One by one the Bears dropped what they were doing and came to the edge of the playground to watch the children. Number fifty-five and eighty-eight stood next to Nelson. As the dance became faster the two Bear girls smiled at each other, poked Nelson, and said in unison,

“Sheer Delight!”

Wednesday, July 16, 2008

My Favorite Photo from the Inside Passage Cruise


Tyana J LittleString and the Inside Passage Experience

Tyana made sure I only ate healthy meals

Hubbard

Near Hubbard Glacier in Alaska

Here I am, waiting for the fog to clear



Hubbard the Bear (Number 85)





According to Royal Caribbean "Serenade of the Seas" information Hubbard Glacier is the longest, actively calving tidewater glacier in North America. It was shrouded in fog when I came as close as a large crusie ship allows, but we were surrounded by ice formations and I took my share of pictures while gazing into the water or the snow-capped mountain tops.

Tuesday, July 15, 2008

From Zero to Ten in a Week

Bears Number eighty-one to eighty-four



It is always a bit difficult to pick up where one left off; this goes for everything from relationships, to dreams, to blogs. I could just pretend that nothing important happened since my last entry, but that would mean ignoring a major milestone.

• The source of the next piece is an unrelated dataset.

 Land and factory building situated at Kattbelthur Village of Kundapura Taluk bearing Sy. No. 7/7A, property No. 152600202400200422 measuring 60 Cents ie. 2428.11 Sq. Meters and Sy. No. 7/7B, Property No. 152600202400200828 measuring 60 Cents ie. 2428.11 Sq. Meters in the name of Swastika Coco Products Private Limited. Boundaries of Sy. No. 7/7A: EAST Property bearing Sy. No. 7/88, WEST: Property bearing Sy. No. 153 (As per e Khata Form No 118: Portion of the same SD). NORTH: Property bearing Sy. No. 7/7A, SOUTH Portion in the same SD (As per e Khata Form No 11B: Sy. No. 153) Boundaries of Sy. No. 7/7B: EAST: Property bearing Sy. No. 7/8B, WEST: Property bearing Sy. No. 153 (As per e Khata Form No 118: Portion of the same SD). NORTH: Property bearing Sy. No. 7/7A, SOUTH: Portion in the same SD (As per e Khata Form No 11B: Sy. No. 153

So, here it is, the worldview from my computer desk aka knitting station aka http://purlingantonia.blogspot.com/: “I went from zero to ten in a week.” This is the sentence I repeated most often during the last three weeks. Let me explain: Listening to Tim Russert’s doctor on CNN on Monday, June 16, I wondered about the slight chest pains I’ve had recently. One during a two-mile walk with minor elevations. One while the fires were burning out of control in the mountains and it was hard to breathe outdoors. One on the way home from lunch and knitting in the park. As I pondered my situation the cable guy was crawling around under my house, installing another outlet and I found myself experiencing another one of those minor pains. When I got up I felt dizzy. I called the advice nurse at my medical facility. Long story short – medics sent the cable guy home; an ambulance took me to the hospital; I spent 24 hours being tested in emergency, was admitted, had angioplasty and a stent placed into my clogged right coronary artery, was released on Thursday and sent home with a bit of anxiety about the future. The following Monday I told my well-wishing friends that, “I went from zero to ten in a week.” I had, indeed, not taken any medication up ‘til then and was suddenly dependent on a bunch of pills twice a day. I also had to learn to keep nitro glycerin with me at all times.

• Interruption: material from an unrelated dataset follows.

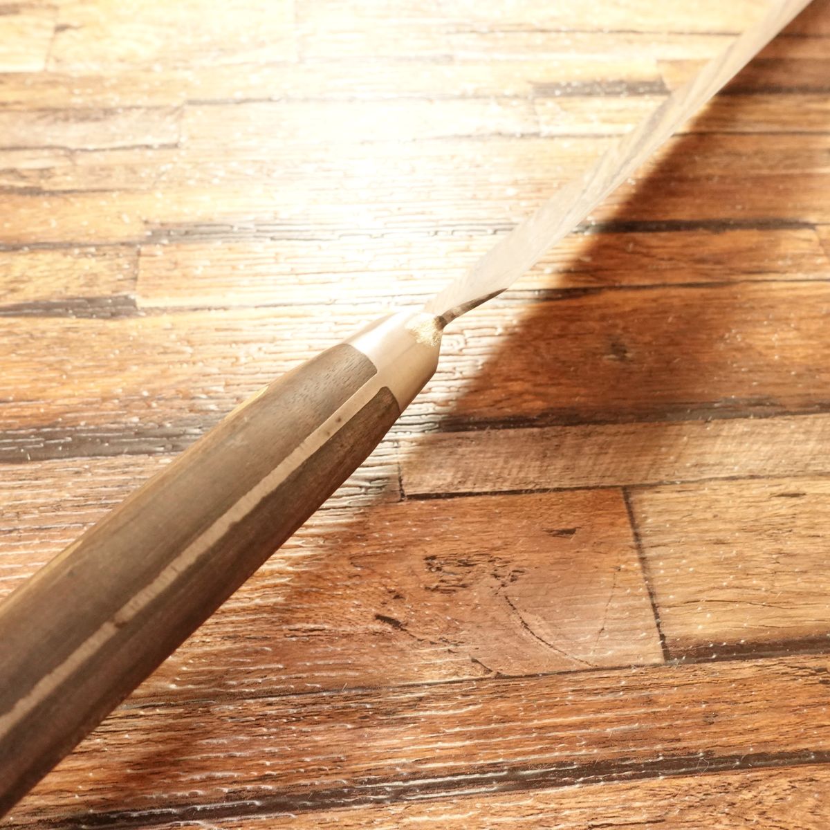 This is a Sujihiki knife by Misono. It is a slim slicer type, ideal for slicing roasts, ham, and similar items into thin, attractive slices. This Swedish steel model has been carefully used and maintained and is ready for more work in the kitchen.

I suffered a couple of anxiety attacks, probably due to my inexperience with personal medical uncertainties. On top of that I was unsure about the cruise to Alaska that was to begin ten days after angioplasty.

The cardiologist gave me great advice: “If you are the kind of person who wants to take care of the health issues close to home and the hospital, without interference from anything else, you should not go. If you are the kind of person who feels ‘it’s now or never’ then you should go.”

I went. It was the best antidote. Had I stayed home I would probably have touched my hand to my chest at every turn and would have read every minor hiccup as “symptom.” Besides, the air in Alaska was certainly better than in California. I had a wonderful time. Walked a little more every day. Ate cautiously; after all I have restrictions now - less fat, less salt. And I was around people; no fear of having a heart attack all by myself.

I even knitted. Not three Bears as planned. Only one. I named him Hubbard because he was begun while I cruised the Inside Passage toward Hubbard Glacier. During the last few days I have stuffed and sewn the ones I had planned to finish before the trip, numbers eighty-one to eighty-four, and have finished number eighty-five, Hubbard. I think I’m back in business. I am knitting number eighty-six, between walking, calorie counting, taking my blood pressure, and thanking Tim Russert’s doctor for putting the seeds of concern into my head.